Управляющий промолчал.
— Как ты его бил, кулаком? Чем бил? Говори!
— Кнутом, — нерешительно произнес Хопф и принялся усиленно тереть покрасневшие глаза.
— Продолжай, продолжай, Хопф! Мне все известно!
Предположив, что мальчишка действительно многое разузнал о нем в деревне, Хопф решил выложить все.
— Ты это про морковь?
— Да, про морковь.
Оказывается, это тоже было связано с Толеком. Голодные поляки понемногу таскали с поля кормовую морковь. А Толек приволок сразу целый мешок.

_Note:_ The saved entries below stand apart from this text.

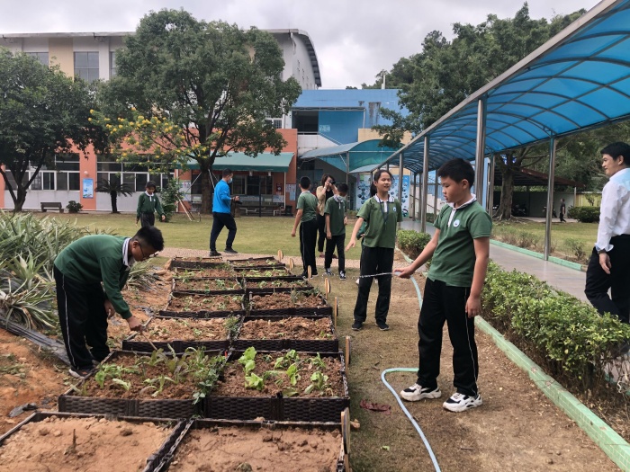 在勞動(dòng)實(shí)踐課基地,譚瑞香校長(zhǎng)向林偉強(qiáng)書(shū)記介紹了學(xué)校鄉(xiāng)村少年宮的特色種植課,每個(gè)班級(jí)都擁有自己的種植實(shí)踐區(qū),讓孩子們能夠走出教室,走近綠色,通過(guò)自己的勞動(dòng)見(jiàn)證綠色的成長(zhǎng),享受生命的感動(dòng)。
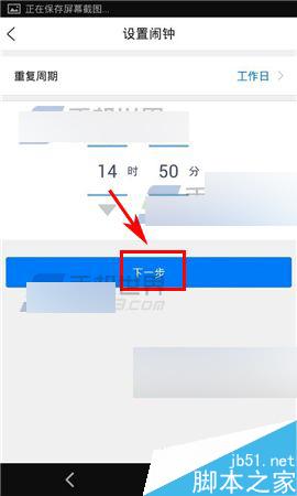 4)设置闹钟提醒时间点击【下一步】,接着编辑备注名后点击【保存】。(如下图)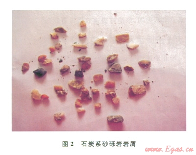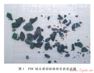 2)二疊系:巖性復(fù)雜,主要為玄武巖、砂巖和泥巖互層。地層硬度大,達(dá)l581.26MPa,可鉆性差,三牙輪可鉆性級(jí)值達(dá)7.65,PDC鉆頭可鉆性級(jí)值達(dá)6.1;玄武巖致密、性脆、硬度極高,耐磨性強(qiáng),對(duì)鉆頭傷害極大,導(dǎo)致跳鉆現(xiàn)象,崩壞PDC鉆頭切削齒;PDC鉆頭失效造成多余的起下鉆,而換成牙輪鉆頭后機(jī)械鉆速極低,多分布于1~2m/h,低至1m/h,導(dǎo)致鉆井周期增大,為該地區(qū)鉆井難度最大的地層。圖l為塊狀玄武巖屑照片。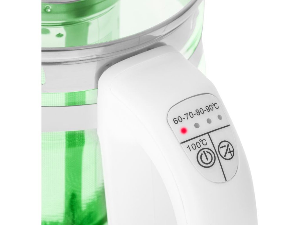 Rôzne farby podsvietenia prevarenej vody v závislosti od zvolenej teploty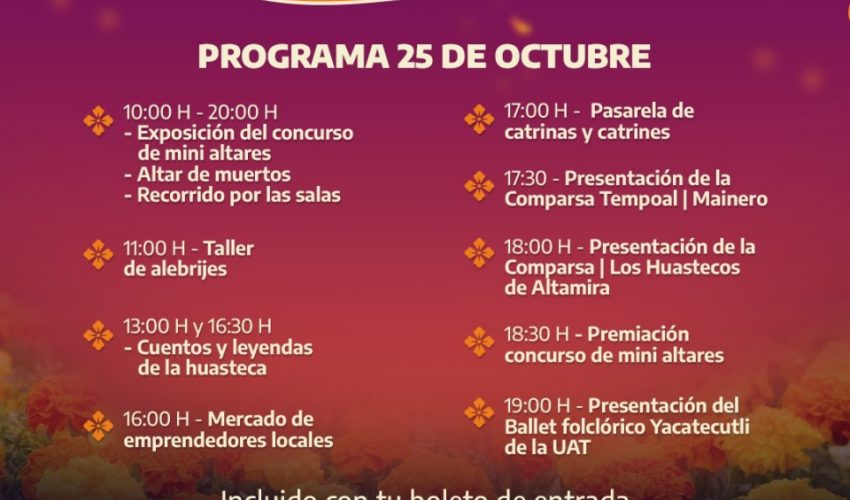 Será el próximo sábado 25 de octubre que se realizará el evento donde se exhibirán los mini altares, además de que habrá talleres, mercado local, cuenta cuentos y Pasarela de Catrinas y Catrines a las 17:00 horas, con atracciones para toda la familia.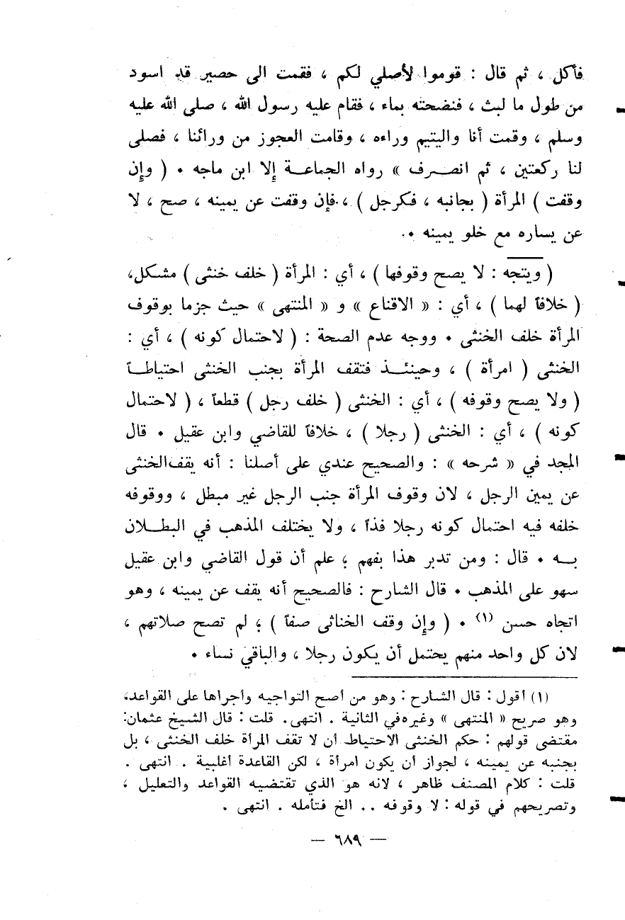 (وَيَتَّجِهُ: لَا يَصِحُّ وُقُوفُهَا) ، أَيْ: الْمَرْأَةِ (خَلْفَ خُنْثَى) مُشْكِلٍ، (خِلَافًا لَهُمَا) ، أَيْ: " الْإِقْنَاعِ " " وَالْمُنْتَهَى " حَيْثُ جَزَمَا بِوُقُوفِ الْمَرْأَةِ خَلْفَ الْخُنْثَى.
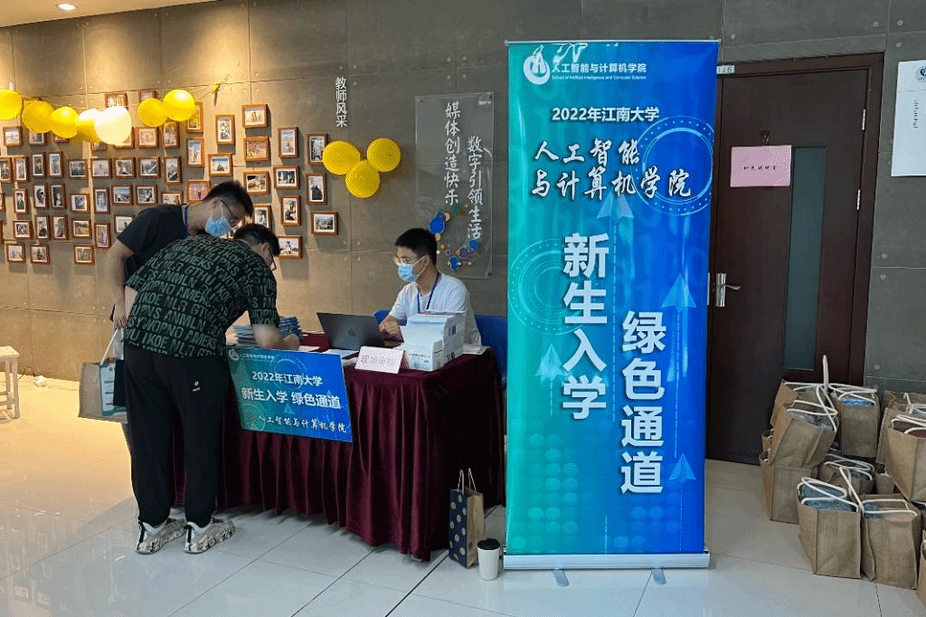 迎新现场,学院大厅布置了2022届本科毕业生升学光荣榜,不少新同学表示,在未来的四年要以优秀的学长学姐为榜样,刻苦学习,将自己打磨成有才干、有能力的优秀智能学子。学院还为2022级新生准备了礼物:“江小智”帆布袋、江大专属明信片、文件袋等系列定制文创产品,以优质文创产品为新生带来归属感和幸福感。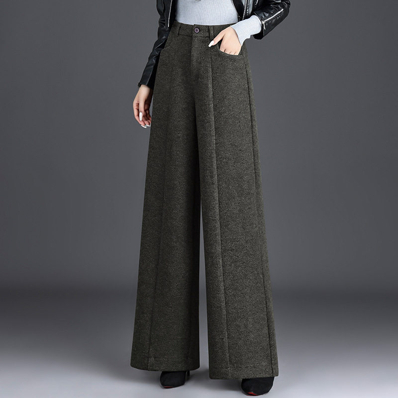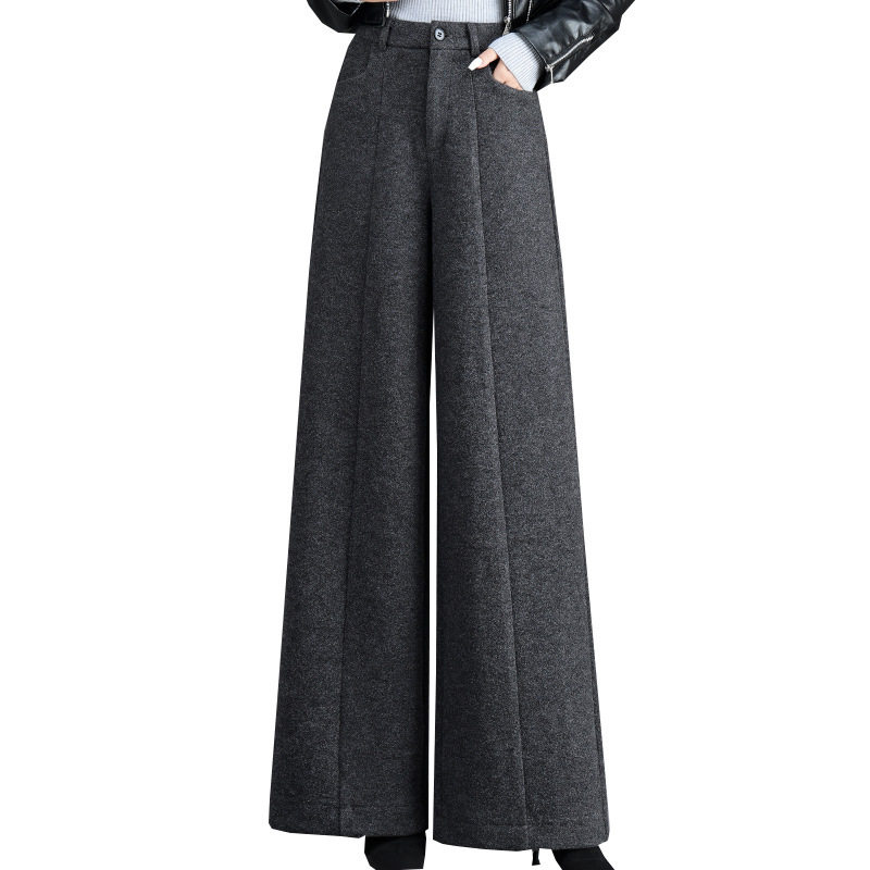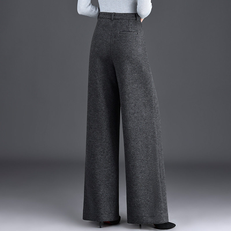 羊毛呢加绒简约阔腿裤女装秋冬休闲裤宽松显瘦坠感直筒裤通勤风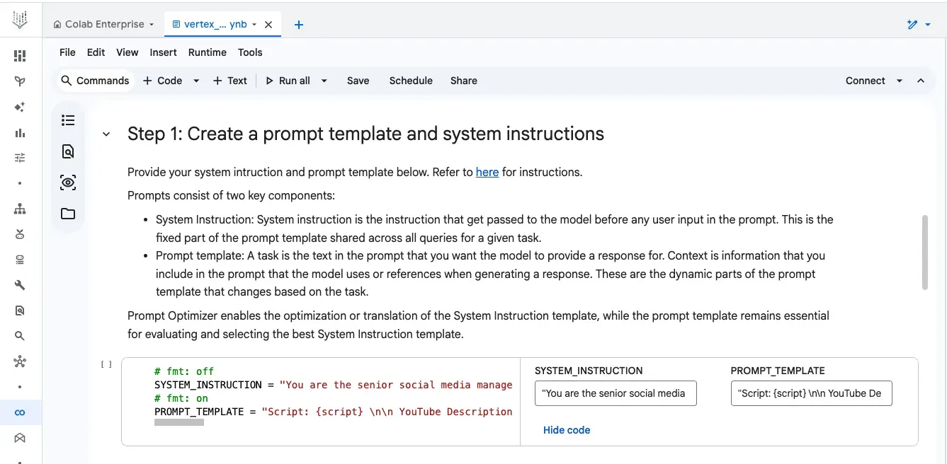 Once we have our CSV uploaded, I am able to start using the data driven prompt optimizer. This allows me to walk through a Colab enterprise notebook setting different parameters for optimization of a prompt to improve the results from my original attempt at a system prompt. You can see my original system prompt: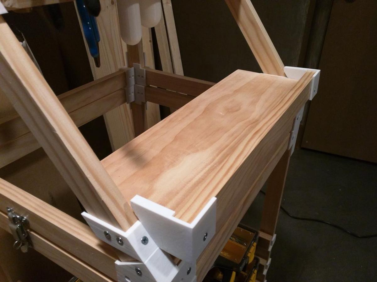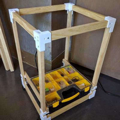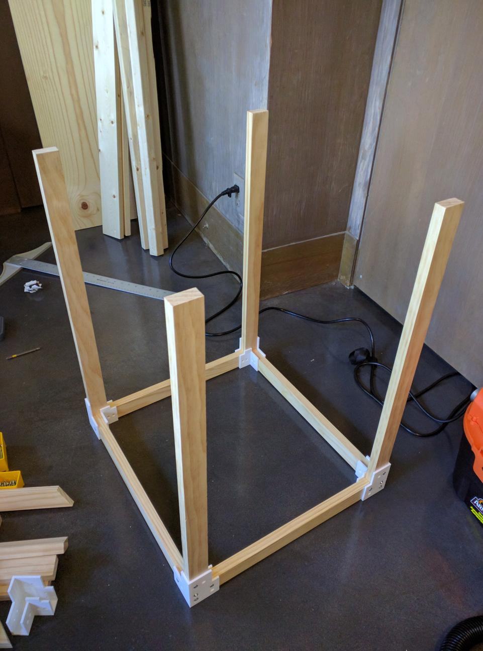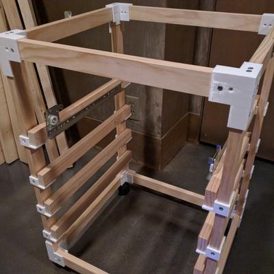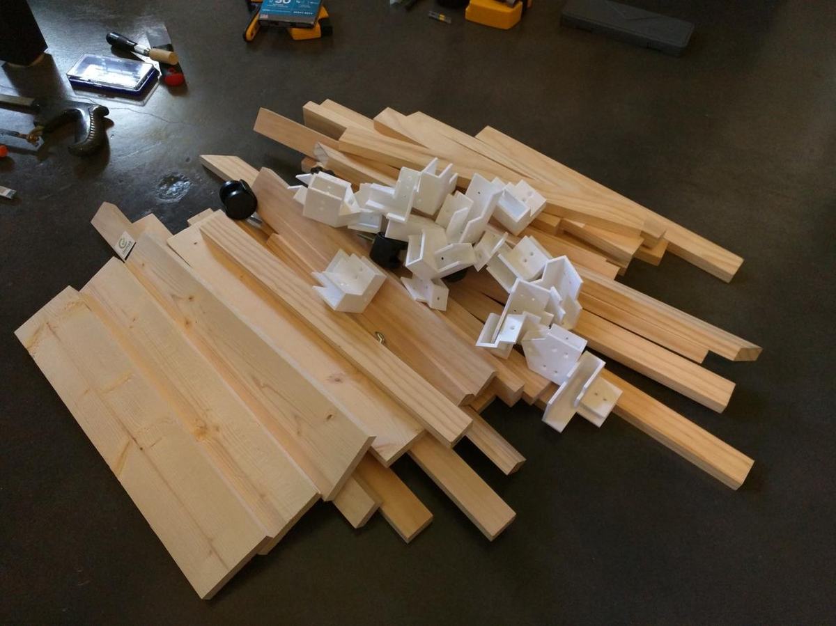I first designed the frame. At ~2 hours printing time per joint, this ended up being a fair amount of printing, but I had it done in a day or two. After cutting the wood to length, I was ready to begin assembly.

— Ты его опять кнутом бил?
Снова управляющий закрыл лицо руками и заплакал.
— Сколько раз ты его ударил?
— …Три… да, да, три раза. Но к его смерти я непричастен.
— Что? Он умер?
Тут-то управляющий и понял, что мальчишка вообще о Толеке ничего не знает.
— Да, умер.
— Ой-ой-ой, Хопф!
— Непричастен я к этому! — твердил бывший управляющий.
Толек однажды, в самый разгар уборки, взял да сбежал. Ночью. Они тогда все сараи обыскали, а скирды протыкали вилами. А Толек еще и мальчишку-поляка с собой прихватил.
— Войтека?
— Не знаю. Он работал у рыбака, полячок этот.
— Значит, Войтек. Ой-ой-ой, Хопф! Это вы его заперли в пожарный сарай и три дня били?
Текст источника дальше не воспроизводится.